We largely have an outlook on the demand scenario being positive, and we are looking forward to upgrading our margin by about 200 bps.
So for the full year, you are saying that we are looking at gross margin expansion by 200 bps?
Yes, that's right.
Okay. Sir, in general, the prices still are lower on Y-on-Y, right? So compared to on a price-led decline, it still will be there in our revenues. It will be only probably volume growth, which will be having a positive impact, but the price impact still will be negative only for the full year basis, right?
So far, it has been negative. Now Q2 consumption will decide the journey forward. But yes, I think the full year price fee will be around 1.5% to 2%, maybe yes.
And sir, Rahul sir, you were saying -- and also just on one sense on the industry growth for the current year? I mean definitely, Q1 was bad, but that was for everybody. What is your sense of the industry growth in volume terms for this year?
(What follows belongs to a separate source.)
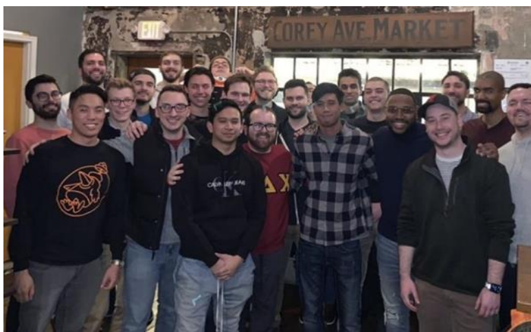
Alumni networking event with graduated brothers

We are also big fans of hosting events that bring the students of pharmacy school together to make these next four years even more enjoyable. Our biggest social event of the year is our annual formal with the lovely ladies of LKS. It is a night

My forecast on this front has mostly gone wrong. So you really need that.
You are dealing with the farmers and the Market Day in and day out. So definitely, your sense on that will be really helpful.
If agriculture is doing good. I think for everyone associated with agriculture will be doing good. And you can see this as a matter of trend in fertilizer consumption in DAP consumption in tractors, movement and also in Agri import. So I think so, industry will witness a double-digit growth.
Thank you. Ladies and gentlemen, that was the last question for the day. I would now like to hand the conference over to the management for closing comments.
In the end, I would like to thank all the participants for joining us today. We are looking forward to a great second quarter. Dhanuka is committed to transforming India through agriculture. Our purpose is to strengthen the nation by providing sustainable agricultural solutions and bring honor, pride and appendance for the farmer and farming. India ka Pranam, har kissan k naam. Thank you.
Thank you. On behalf of Antique stock Broking, that concludes this conference. Thank you for joining us, and you may now disconnect your lines.